В пастернаковском переводе «Фауста» Гёте Мефистофель покоряет природу, строит город на песке, приносит в жертву адскому огню жизнь людей. В СССР тоже осушали болота, строили каналы и города на вечной мерзлоте и все время сражались — с природой, с религией, с наукой, с космополитизмом, с правым и левым уклоном. Пионеры боролись за дело Ленина, колхозники вели «битву за урожай». Но чем расхристанней была реальность, тем напряженней Пастернак работал над своим христианским романом.
Не случайно именно в 1958 году, одновременно с созданием идеологической комиссии и началом церковного разгрома, развернулась и антипастернаковская кампания. Ведь он посягнул не только на революцию, он посягнул на ту картину мира, которая сформировала советскую жизнь. На историю XX столетия он смотрел с точки зрения Голгофы, что было одинаково дико и для власти, и для большинства его литературных современников.
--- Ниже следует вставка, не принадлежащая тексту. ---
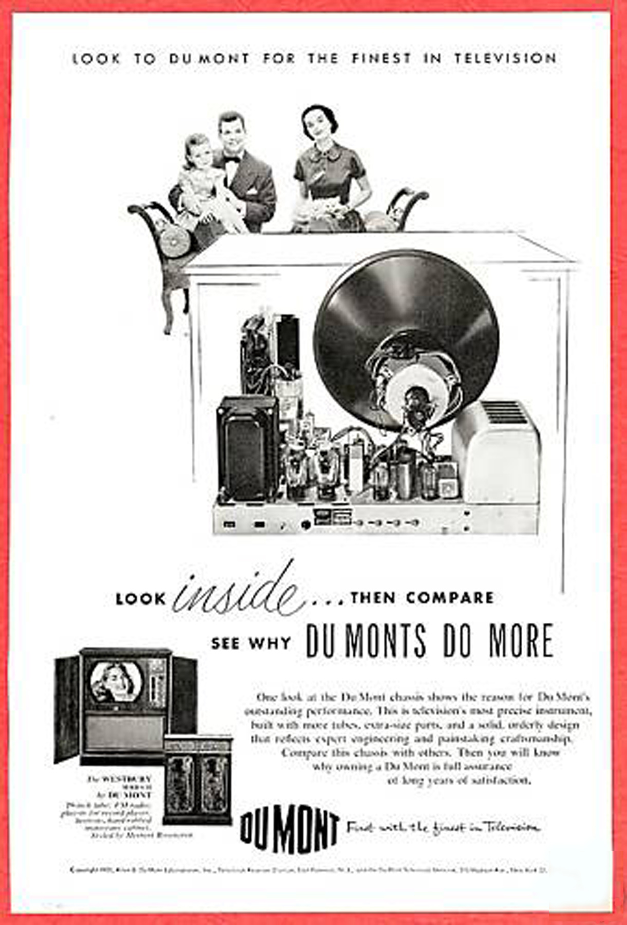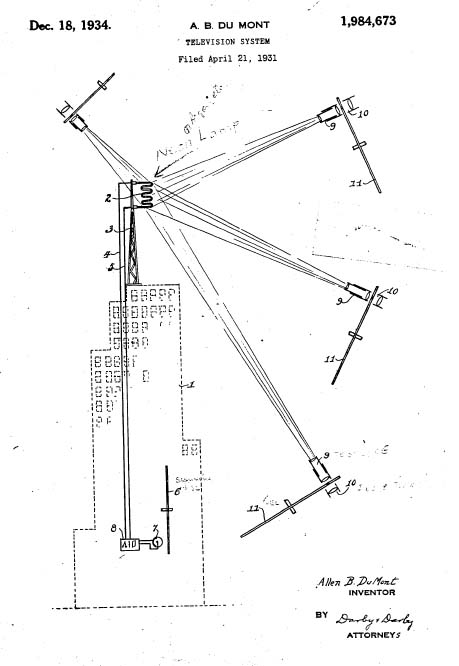 The DuMont Laboratories Representative Patents Alternative Projection TV Patent No. 2,446,214 DuMont Television System Patent No. 1,984,693 Click to Enlarge By 1947, DuMont had the beginnings of a television network, with stations in New York, Washington and Pittsburgh. Because of his partnership with Paramount Pictures, the FCC refused to permit DuMont to acquire more stations. To survive, his network relied on innovative strategies. In 1947, with "The Small Fry Club" DuMont established television's first children's program. "Captain Video and His Video Rangers," an outer-space adventure, also became hugely popular. It was on the DuMont Network that comedian Jackie Gleason developed the format for ''The Honeymooners,'' the classic 1950s series that was later broadcast by NBC. And here, reporter Mike Wallace first aggressively questioned public figures on the air. DuMont pondered how to counteract successful competitors like ''Texaco Star Theater,'' starring Milton Berle. Rather than offer another comedy, the DuMont Network aired Bishop Fulton J. Sheen's ''Life Is Worth Living,'' a religious show that developed a loyal following. In 1952, the Dumont Network aired professional football and basketball, but in time, lost out to other networks that could afford to pay more for the television rights. Eventually, DuMont was forced to sell his stations, but the DuMont Network's legacy in programming remains an important chapter in television history.

И когда в 1947-м он читал у Юдиной главы и стихи из романа, это было катакомбной встречей гениальных маргиналов. Но уже в 1960-м, на его похоронах, где играла Юдина, несмотря на все запреты было множество молодых людей. История отказывалась подчиняться воле партии. И хотя газеты, радио и телевизор без устали тиражировали откровения церковных ренегатов, стихи из запрещенного пастернаковского романа тайно переписывались и меняли человеческие судьбы.
«И евхаристия, как вечный полдень, длится…»
Свой последний концерт Мария Юдина дала в 1969 году. А потом в Москве на площади Восстания ее сбил грузовик. Хорошо, водитель успел затормозить, но палец правой руки пианистке все же сломал. Играть она больше не могла.
В последние годы день ее неизменно начинался в храме святителя Николая в Кузнецах, на службе. В музыкальных кругах ходили слухи, что она хочет уйти в монастырь. А что? Живет как нищая, вечно на молитве, вечно общается со священниками.
«Иногда некоторые добрые, истинные христиане говорили мне: “Вы выставляете напоказ, вы афишируете свою религию”. Но это не так, — говорила она. — Мне кажется, Евангелие бесконечно. И каждый сознательно или инстинктивно выбирает для себя те или иные “руководящие” тексты. Так во мне говорят слова: “Кто отречется от Меня, от того Я отрекусь в последний день”. Мне это абсолютно легко, органично, ни крупицы “заслуги” тут нет».
В старости Юдина поменяла квартиру на меньшую и оставила в ней только рояль, узкую железную кровать, самодельные стеллажи с книгами, иконы, заваленный бумагами стол и садовую скамейку, вмещавшую массу каких-то папок, бумаг, нот. Дверь не запиралась. «Замок не работает. Да у меня и брать нечего», — говорила Мария Вениаминовна.
По словам поэтессы Ольги Седаковой, при всей видимой экзальтированности это было условием внутренней свободы, без которой христианское творчество в безбожную эпоху невозможно. Аскеза и юродство напоминали окружающим о раннехристианских временах, когда человек не боялся лишений, потому что сам отрекся от всего материального.
Умерла Мария Юдина 19 ноября 1970 года.
«Когда она, отмучившись, ушла, никто и нигде не хотел помочь с панихидою, — вспоминал писатель Анатолий Головков, — ни в одном клубе, ни одном в театре, даже в красном уголке ЖЭКа. Вмешался Шостакович. Дирекция консерватории милостиво разрешила занять вестибюль Большого зала. У гроба играли Наседкин, Стас Нейгауз, Рихтер, пела Давыдова. А в это время на втором этаже — по графику— репетировал оркестр филармонии. И музыканты прервали репетицию, спустились вниз со своими стульями, уселись между колонн, переглянулись, и полилась ее любимая Седьмая симфония Бетховена».